┏━━

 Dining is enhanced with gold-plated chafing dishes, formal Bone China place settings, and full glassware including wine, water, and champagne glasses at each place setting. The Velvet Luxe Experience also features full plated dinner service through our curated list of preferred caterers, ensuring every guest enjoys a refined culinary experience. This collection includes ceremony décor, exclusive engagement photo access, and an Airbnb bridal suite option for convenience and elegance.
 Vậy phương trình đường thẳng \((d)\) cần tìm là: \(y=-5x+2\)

┗━━
┏━━

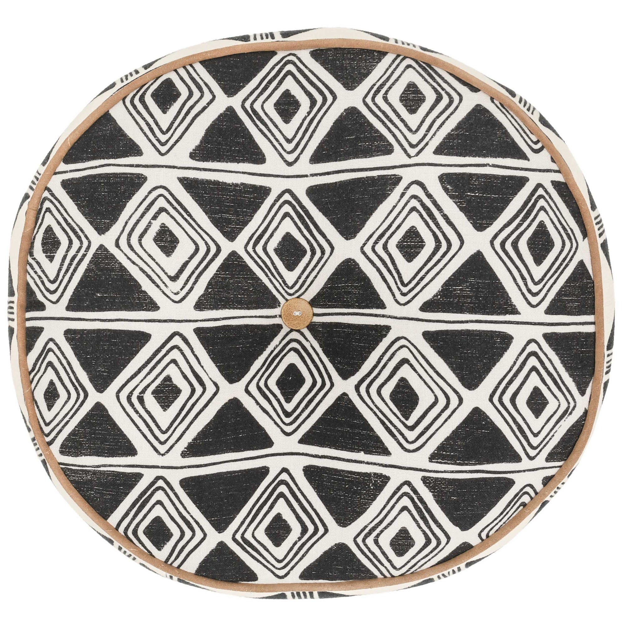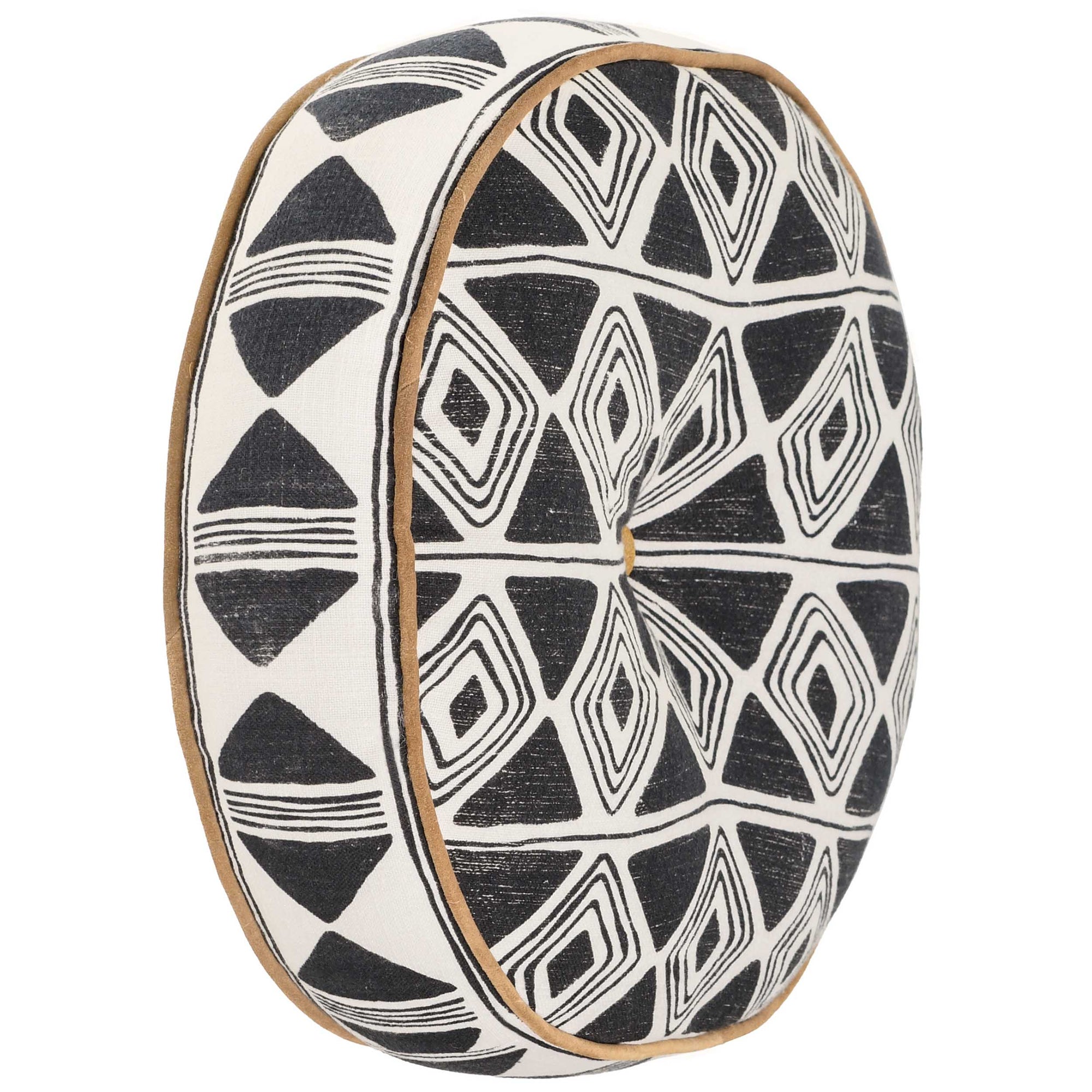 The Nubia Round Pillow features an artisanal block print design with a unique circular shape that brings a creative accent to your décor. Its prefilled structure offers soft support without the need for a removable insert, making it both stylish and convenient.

┗━━

PROBLEM DETAILS:
Go through the listing above and write out exactly the lines starting with the one holding "Dining is enhanced" and running through the one holding "Vậy phương trình", ends included, and no others.

OUTPUT BELOW:
 Dining is enhanced with gold-plated chafing dishes, formal Bone China place settings, and full glassware including wine, water, and champagne glasses at each place setting. The Velvet Luxe Experience also features full plated dinner service through our curated list of preferred caterers, ensuring every guest enjoys a refined culinary experience. This collection includes ceremony décor, exclusive engagement photo access, and an Airbnb bridal suite option for convenience and elegance.
 Vậy phương trình đường thẳng \((d)\) cần tìm là: \(y=-5x+2\)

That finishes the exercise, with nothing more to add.